VF_REPORT/index.html Arquivo html com a compilação dos resultados do fastp e do snpEff.

Perguntas Frequentes (FQA)

Devo montar os containers a cada análise?

Não, os containers só devem ser reconstruídos caso ocorra alguma atualização na ferramenta.

O ViralFlow retornou um erro devido a falta do "unsquashfs" no diretório "/usr/local/bin/" o que devo fazer?

Um link simbólico para o "unsquashfs" deve ser criado, para isso rode a seguinte linha de comando: sudo ln -s /usr/bin/unsquashfs /usr/local/bin/unsquashfs

Eu devo fornecer o arquivo fasta de adaptadores?

Você deve fornecer o arquivo fasta com os primers de PCR apenas em análises que utilizaram PCR para amplificação do material genético viral antes do sequenciamento.

Minha análise do ViralFlow reportou um erro na etapa de atualização do Pangolin, por que?

Isto pode ocorrer caso a equipe do Pangolin lance uma versão com novas dependências, neste caso, você deve remontar o container do pangolin com a linha: singularity pull docker://staphb/pangolin

Minha instalação deu errado na etapa de montar os containers, por que?

O que pode ter acontecido é que você tenha uma versão do singularity diferente da versão v3.11.4, você pode checar isso com singularity --version. Outro fator que pode ocasionar erros é a sua rede de internet bloquear os dominíos de consulta para construção dos containers.

Instalei a ferramenta, meus arquivos estão todos organizados seguindo o manual, mas as amostras não são encontradas, por que?

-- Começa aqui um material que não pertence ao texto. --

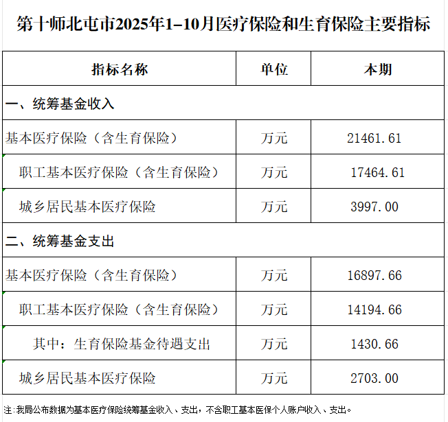 第十师北屯市2025年1-10月医疗保险和生育保险主要指标
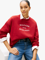 Stay cozy and stylish in this Tommy Hilfiger Red Fleece Sweatshirt. Made from a soft cotton blend, it features the iconic Tommy Hilfiger logo for a classic touch. Perfect for lounging or running errands, this sweatshirt is a must-have addition to your wardrobe. Classic comfort with a touch of fashion flair.
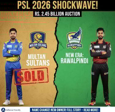 Explore the historic Rs. 2.45 Billion auction that transformed the PSL landscape as Multan Sultans officially rebrands to Rawalpindi for the 2026 season. Get the inside scoop on the record-breaking deal by Walee Technologies, the reasons behind the shocking name change, and what this means for the future of the league. Stay ahead of the game with our deep dive into the new rivalries, squad updates, and the "Pindi Boys" era!
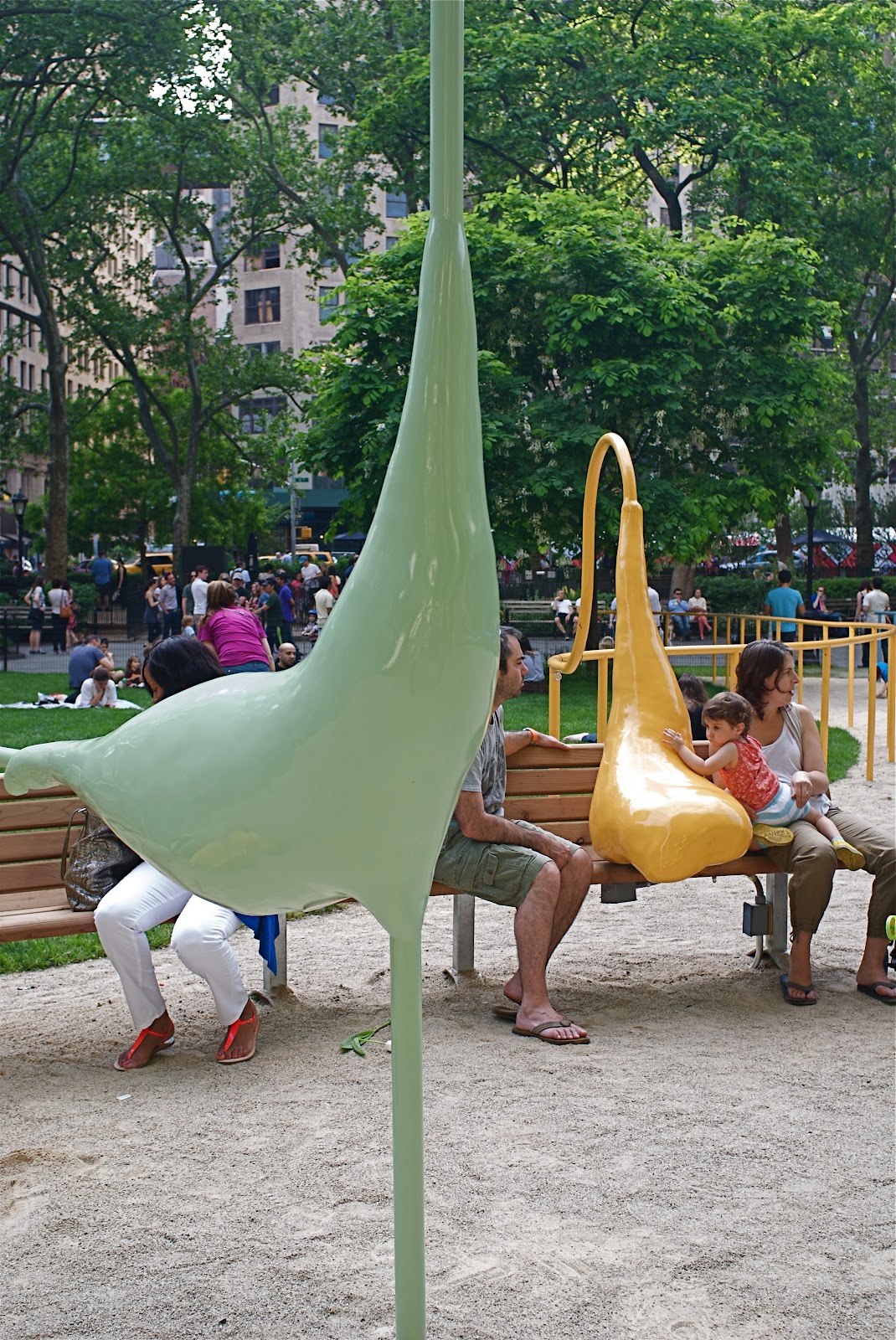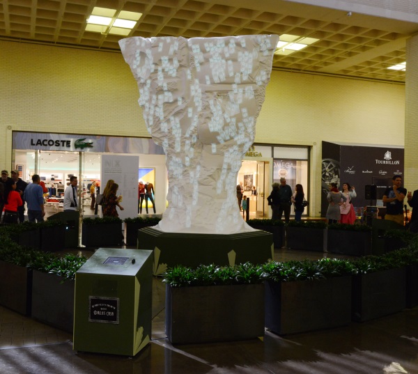 Long’s contribution to Nasher XChange is Fountainhead, a kind of digital fountain-cum-installation at NorthPark Center, a shopping mall six miles north of downtown Dallas. Fountainhead is an object onto which images of falling dollar bills are projected. The sculpture is surrounded by three digital kiosks, at which visitors to the mall are invited to swipe their credit cards and to donate $1, $3 or $5 to one of three charities: The North Texas Food Bank, a branch of the Dallas Library and the Dallas Court Appointed Special Advocates. After donating, visitors may ‘flip’ a digital coin into the fountain, which responds with an exuberant animation.

O ViralFlow reconhece amostras pelos sufixos _R1 ou _R2 seguido de .fq.gz ou .fastq.gz, certifique-se que suas amostras seguem o padrão necessário. Exemplos:

  • ART1_R1.fq.gz, ART1_R2.fq.gz será reconhecido como a amostra ART1;
  • ART1_denv_R1.fastq.gz, ART1_denv_R2.fastq.gz será reconhecido como a amostra ART1_denv.

Posso rodar o ViralFlow no Windows??

Apesar de algumas versões do sistemas Windows integrarem uma interface linux pelo WSL (Windows Subsystem for Linux), nossa equpe de desenvolvimento não testou o ViralFlow nestes ambientes, dessa forma, o usuário é livre para testar o workflow neste tipo de ambiente, porém nossa equipe não dará suporte para erros provenientes desses testes.